The Office of Management and Budget will get more hands-on in its management of the 24 Quicksilver e-government projects by assigning 11th-hour gurus to make sure the efforts meet OMB's demands.

OMB will assign what it calls solution architects to each of the 24 projects when they near completion, said Bob Haycock, manager for the federal enterprise architecture initiative.

'The solution architect is someone who understands the broader implications of the technology and project as it relates to all 24 projects,' said Haycock, who in mid-June took over the temporary OMB post from Debra Stouffer. 'Their role is to facilitate the project, not oversee it. They will act like a SWAT team'move in quickly and provide assistance.'

OMB will assign architects to three or four projects within the next few weeks, Haycock said, but declined to identify the first projects to receive the extra assistance.

Volunteer architects

Haycock, who is on a 90-day detail at OMB from the Interior Department's Bureau of Reclamation, spoke last week at an Oracle Corp. Government Executive Forum in Washington.

Stouffer left after her 90-day detail to OMB to become chief technology officer at the Environmental Protection Agency.

The architects will be volunteers from agencies.
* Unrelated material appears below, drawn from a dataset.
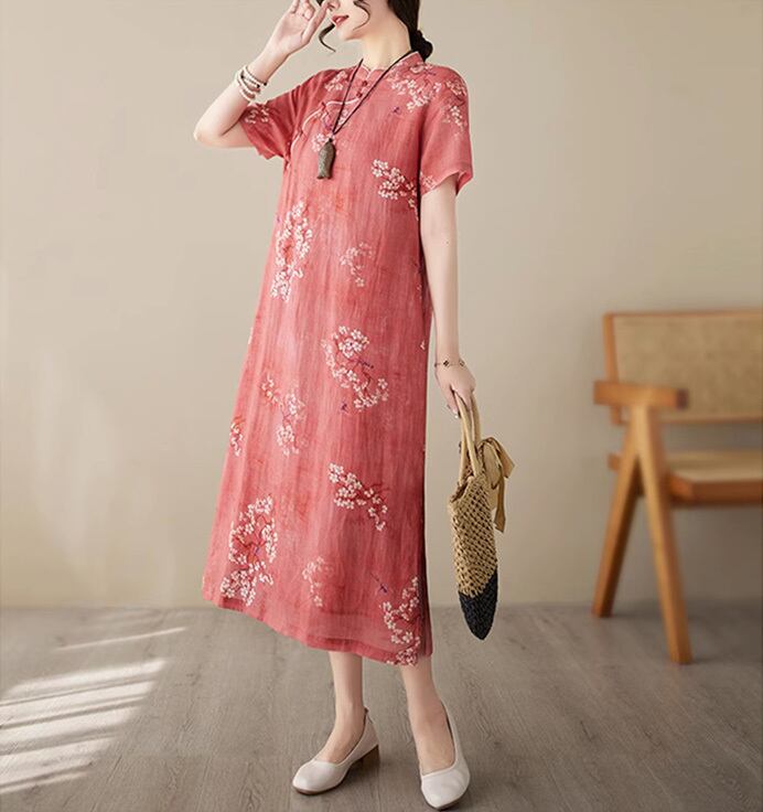 チャイナ服 ワンピース 春夏 ゆったりシルエット 素朴な風合い 半袖 花柄 zl397

Their job will be to make sure that each project has a link to the FirstGov Web portal, uses the E-Authentication initiative for managing user verifications and meshes with the government's enterprise architecture, said Norman Lorentz, OMB's chief technology officer.

OMB named Tice DeYoung, Roopangi Kadakia, Stuart Rabinowitz and Marion Royal'all are systems workers at the General Services Administration'as the first solution architects.
Haycock said each has expertise in a different aspect of enterprise systems management:

  • DeYoung has experience in reviewing security requirements.

  • Kadakia focuses on how projects are presented to users.

  • Rabinowitz's emphasis is how applications carry out a business function.

  • Royal's area is systems interoperability.